Having removed fear from estimation, the team estimates more aggressively. Knowing they are working toward a goal they set for themselves, a pair of workers will push to hit their own estimate. The client will actually get more work done in less time, as long as they are willing to acknowledge that, sometimes, an estimate will be wrong. Add to this that quality will not be compromised, and you now have the results most teams can only dream about.
Predictable Structures Hold Everyone Accountable
Our strongest mechanism for accountability is our story card driven 5 day iterative cycle. All client work is done within this cycle. No exception. Ever. It would actually take us more time not to use our process. At Menlo, we are all held accountable to our process. We believe in that process. We know it produces quality results.
Showcasing your Work is Accountability in Action
Greatest benefit of our weekly Show & Tell is that it allows us to walk through each completed story card with our client, itself a performance of accountability. S&Ts create a powerful feedback loop between the conceptual process of planning and the practical output of our work. This is a demonstration of circular accountability too!
If we didn’t get everything done that was planned, it will be obvious in the Show and Tell. It can also reveal any difference between stated priority and actual priority.
Actual Actuals
PMs are good at following rules, particularly from authority figures, so they all behave. Fear manufactured by authority figures produces unethical behaviour even int he most honest people.
One of the greatest benefits of accountability that doesn’t rely on fear is that we get actual actuals. “Actuals” refer to the amount of time something actually takes versus how much time it’s estimated to take.
We keep very detailed timesheets at Menlo. This gets each pair a chance to reflect on the accuracy of its original estimate and what may have let to a big underage or overage. Also, there is great value in the data collected. A key advantage when sizing future projects.
Get things DONE
Lot is written about employee engagement. One resonates with me is the ability to go to work and get meaningful things done. Actually done — finished, wrapped up, and delivered. When it really means DONE and behind you, leads to the joy of knowing that a hard day of work produced a valuable and valued accomplishment.

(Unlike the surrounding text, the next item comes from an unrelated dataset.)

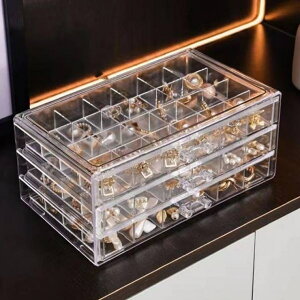 【コメント】おしゃれなジュエリー収納ボックスです。透明なアクリル製のジュエリーボックスは、お気に入りのジュエリーをほこりから守られ、お手入れも簡単です。中身が見えるので、ジュエリーを探す時間大節約。ピアス、イヤリング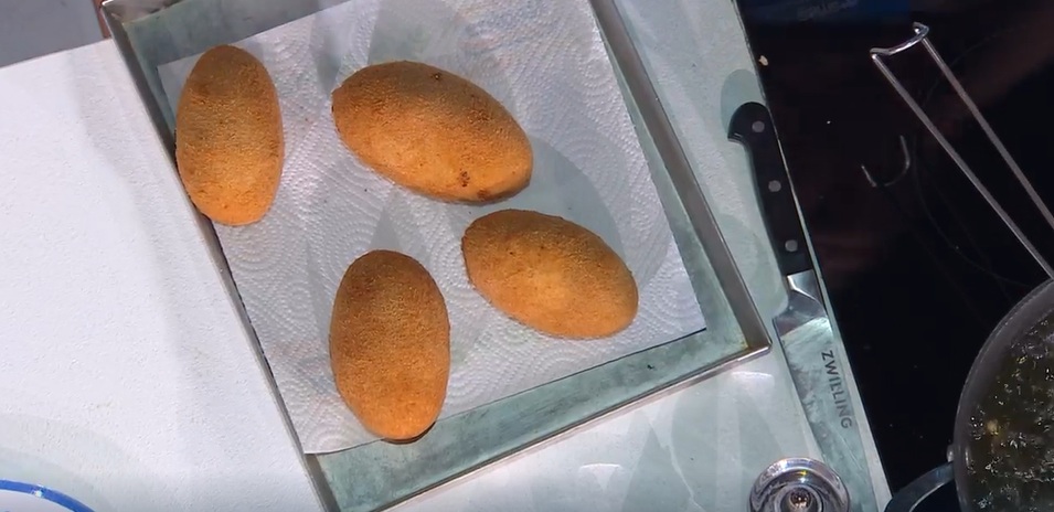 Lo passiamo nell’albume sbattuto e nel pangrattato e ancora negli albumi e nel pangrattato. Friggiamo in olio caldo a 160° e profondo, fino a doratura. Possiamo friggerli tutti e tenerli caldi in forno socchiuso a 80-100°.

Trust, accountability, and results, these get you to joy.
Alignment
Message you deliver to the world should be the same message you deliver to your customers, your team, your family, the community, tour guests, new hires, magazine writers, and everyone else your company comes into contact with.
Three points that define essence of a business: the world’s outside perception of the company, the inside reality for the team that works there, and the heart of the leadership. Too often, these are not in sync, and are actually based on different values and practices. We never need to “handle” the press!
Visitors frequently tell me that they would never want the world to know their company’s inside reality. This hypocrisy will ultimately kill their company.
Values at Work, Not on a Plaque
Values cannot exist solely for our own people but must be built into our contracts and business agreements as well. We always felt that our contracts — should be one’s we are comfortable signing whatever side of the table we are sitting on.
We are typically the lowest-cost vendor, not the lowest-priced supplier.